Radiotherapy is a cornerstone in the treatment of advanced CRC or mCRC, and enhancing radiosensitivity is a promising strategy to improve patients’ prognosis. However, the underlying mechanisms of radioresistance are diverse and, in particular, significantly associated with CRC stem cells. Indeed, targeting key kinases engaged in the DDR and DNA repair pathways, such as ATM/ATR, CHK1/CHK2, WEE1, DNA-PKcs and PARP1, appears to be a promising approach for improving the radiosensitivity to CRC with further insight into the molecular mechanisms underlying IR-induced DNA damage recognition and repair. This review highlights the basic, preclinical and clinical studies investigating DDR and DNA repair pathways inhibitors as a prospective strategy to potentiate the radiation response in CRC by releasing cells with unrepaired damage into mitosis and inducing more catastrophic cell death with increased release of DAMP molecules. Nevertheless, only a few of these inhibitors have been evaluated in combination with radiotherapy in limited preclinical CRC models and clinical trials, indicating that the strategy is still in its infancy in the clinical setting. Importantly, this review also describes the selective chemoradiotherapy sensitization of CRC cells provided by the synthetic lethality of these inhibitors, thus providing additional opportunities to selectively target and increase therapeutic benefits in the future.

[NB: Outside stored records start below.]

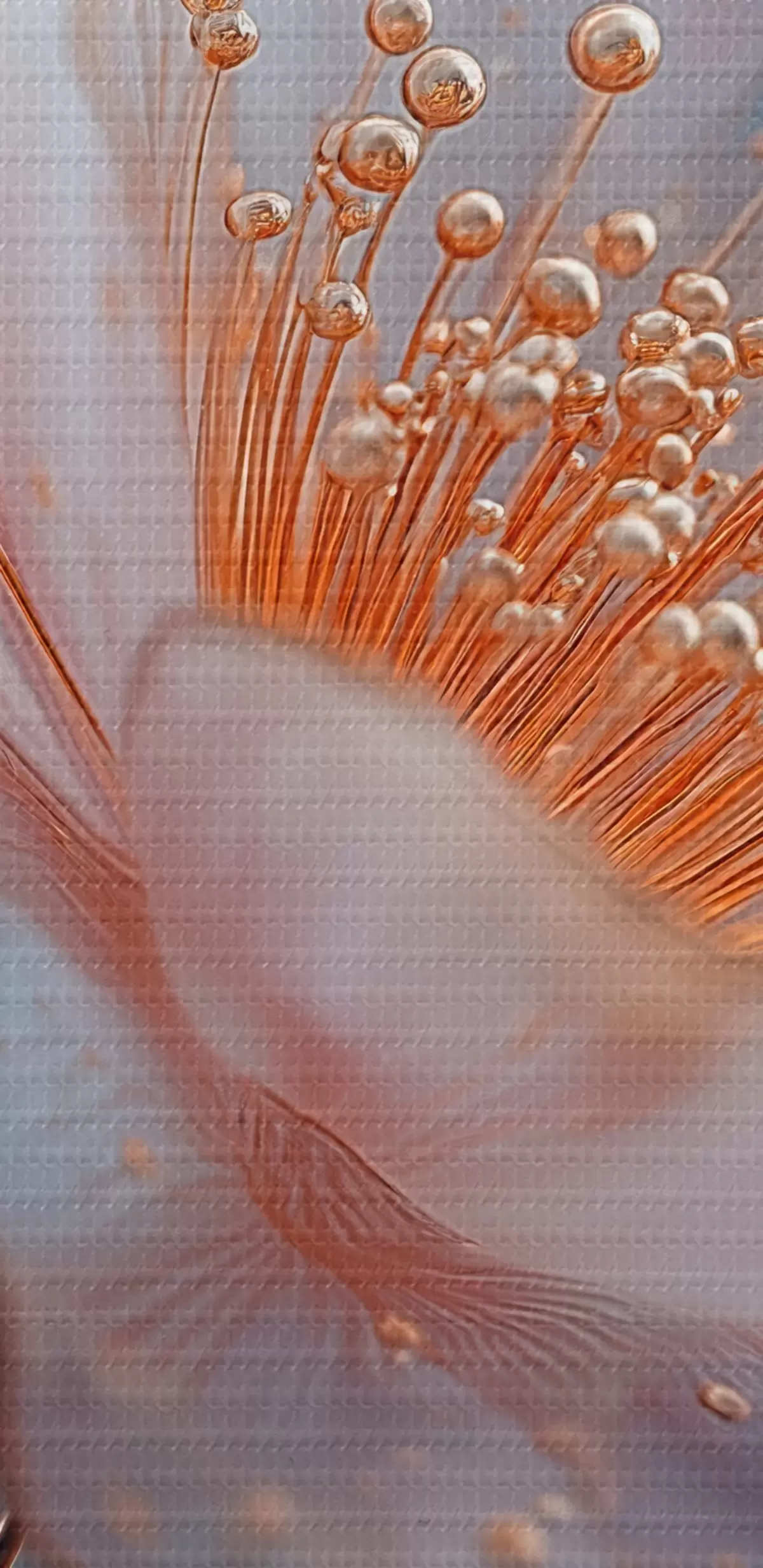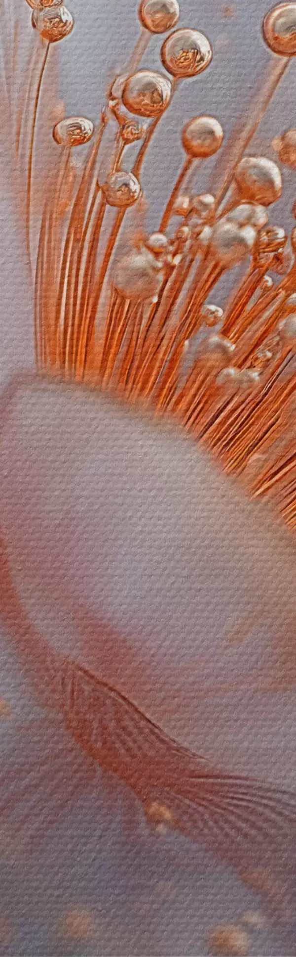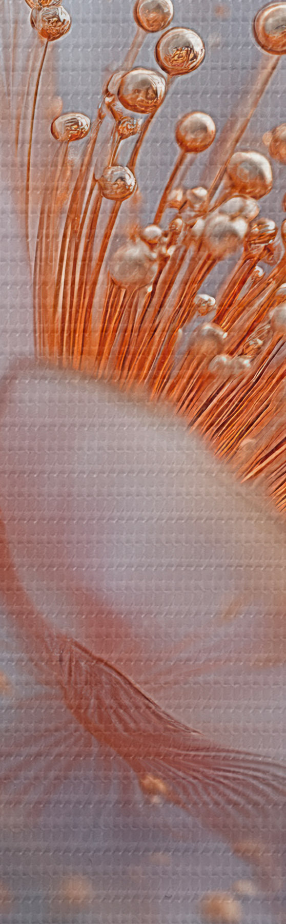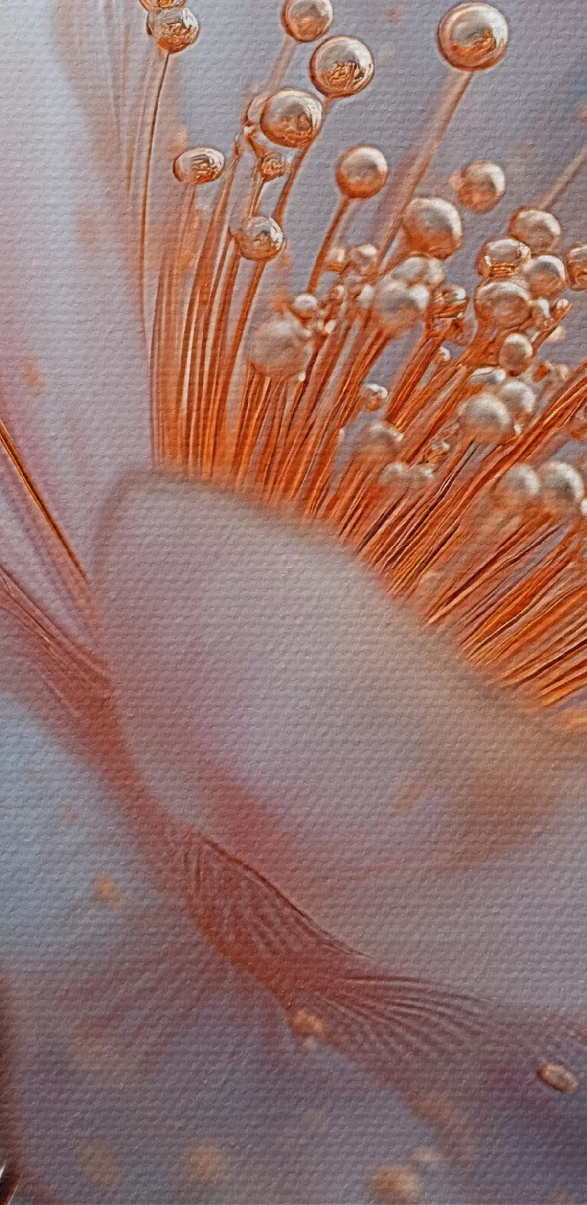 murales Flor translúcida con estambres cobrizos sobre fondo azul s45880
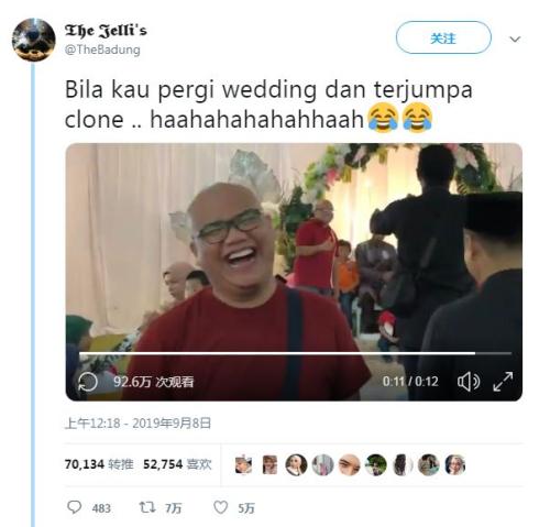 据报道,9月8日,在社交媒体上属名The Badung的男子发出一则在马来西亚参加的婚礼视频。该男子身穿红色上衣和牛仔裤,留着光头,体型微胖。
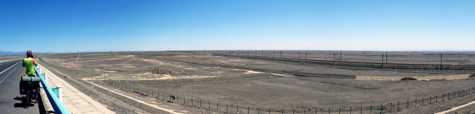 There really is nothing out here. Except for a brand new high-speed railway line they’ve decided to build in a straight line right across China. It goes straight through mountains, cities and over gorges. Incredible. Northern edge of Taklaman Desert, Xinjiang, China
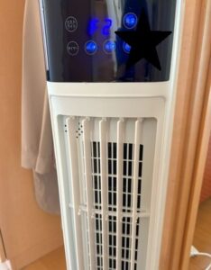 お水を入れているタンクの中に、凍らせたボトル(これもついてます)を入れることでひえひえ冷風になるので、朝おきてきたら凍らせたボトルを入れてスイッチオン!の習慣で快適になりそうです。夫が出勤後にスイッチオフっと。
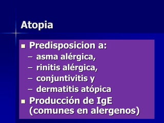 La dermatitis atópica es una afección crónica de la piel que afecta hasta el 20% de la población en países industrializados y es más común en la infancia. Se caracteriza por parches eritematosos, papulosos y pruriginosos que suelen aparecer en mejillas, codos y rodillas. Está asociada a la atopia y la producción elevada de IgE. Su etiología implica una predisposición genética y alteraciones en la inmunidad celular y humoral con predominio de la respuesta TH2. Requi

Ideally, CRC patients should be stratified based on their genetic background of tumors, as different mutations would display variable degrees of susceptibility to these drugs in comparison to normal tissue. However, the toxicity of drug combinations or absence of patient selection has inhibited the clinical advancement of DDR and DNA repair pathway inhibitors in CRC. This emphasizes the urgency to identify and validate predictive biomarkers of response to these inhibitors in more clinical models to better select and stratify CRC patients, thus allowing the development of more personalized and targeted therapies that reduce the incidence of toxicity and resistance to existing inhibitors.